Exercise objective » Start at the line below containing "Chảo chống dính" and stop at the line containing "Which ligament maintains". Repeat every line of that stretch exactly, and nothing outside it.

Given entries »
◆ ◆ ◆

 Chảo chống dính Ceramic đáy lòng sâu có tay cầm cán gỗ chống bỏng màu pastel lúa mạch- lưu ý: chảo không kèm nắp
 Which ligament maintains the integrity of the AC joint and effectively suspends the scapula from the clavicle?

◆ ◆ ◆

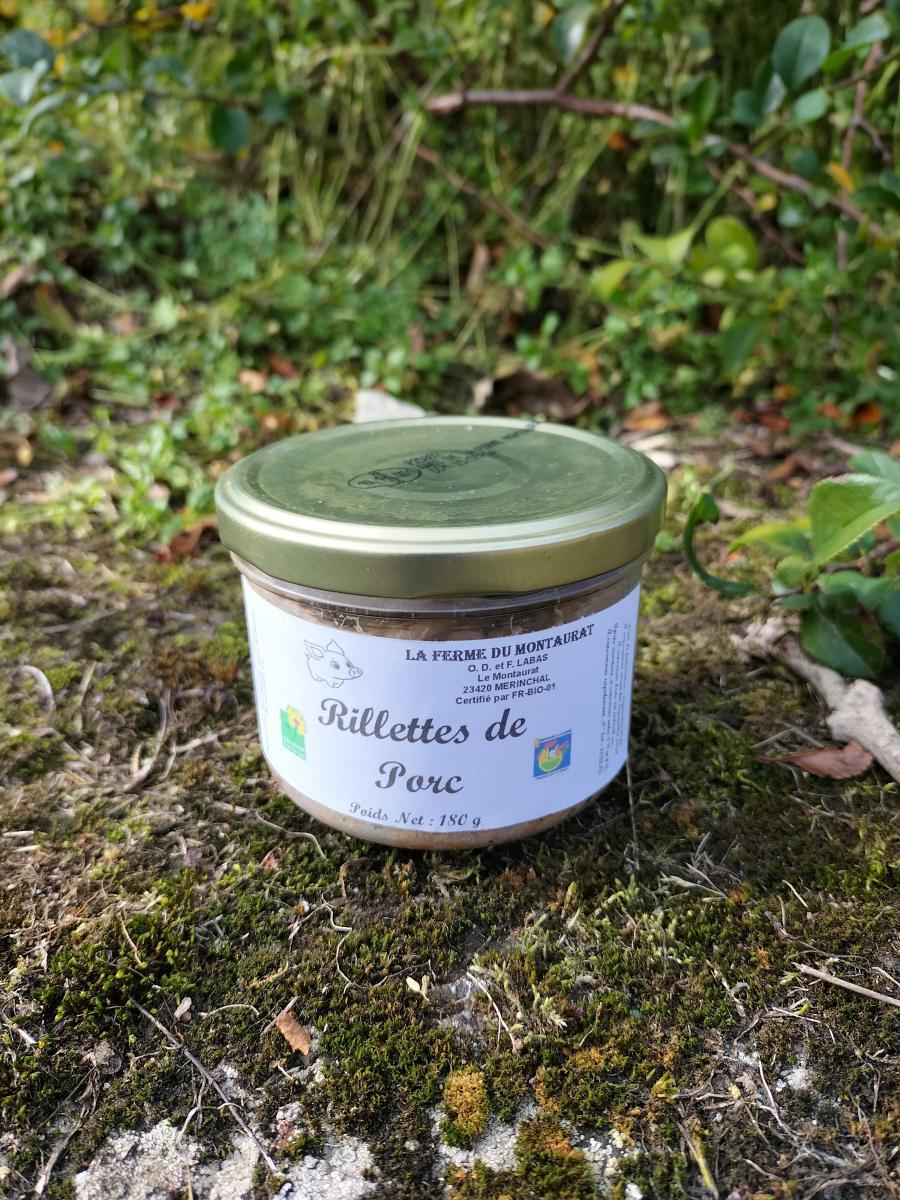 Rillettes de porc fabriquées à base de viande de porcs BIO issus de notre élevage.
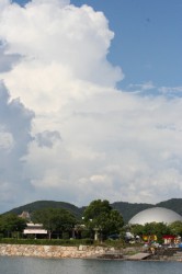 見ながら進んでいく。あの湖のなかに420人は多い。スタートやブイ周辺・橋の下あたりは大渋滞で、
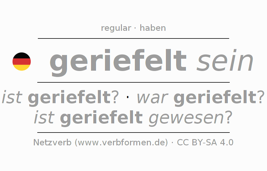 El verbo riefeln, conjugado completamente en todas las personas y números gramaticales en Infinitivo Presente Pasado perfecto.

◆ ◆ ◆

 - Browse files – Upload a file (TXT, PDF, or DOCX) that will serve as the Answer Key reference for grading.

◆ ◆ ◆

Response »
 Chảo chống dính Ceramic đáy lòng sâu có tay cầm cán gỗ chống bỏng màu pastel lúa mạch- lưu ý: chảo không kèm nắp
 Which ligament maintains the integrity of the AC joint and effectively suspends the scapula from the clavicle?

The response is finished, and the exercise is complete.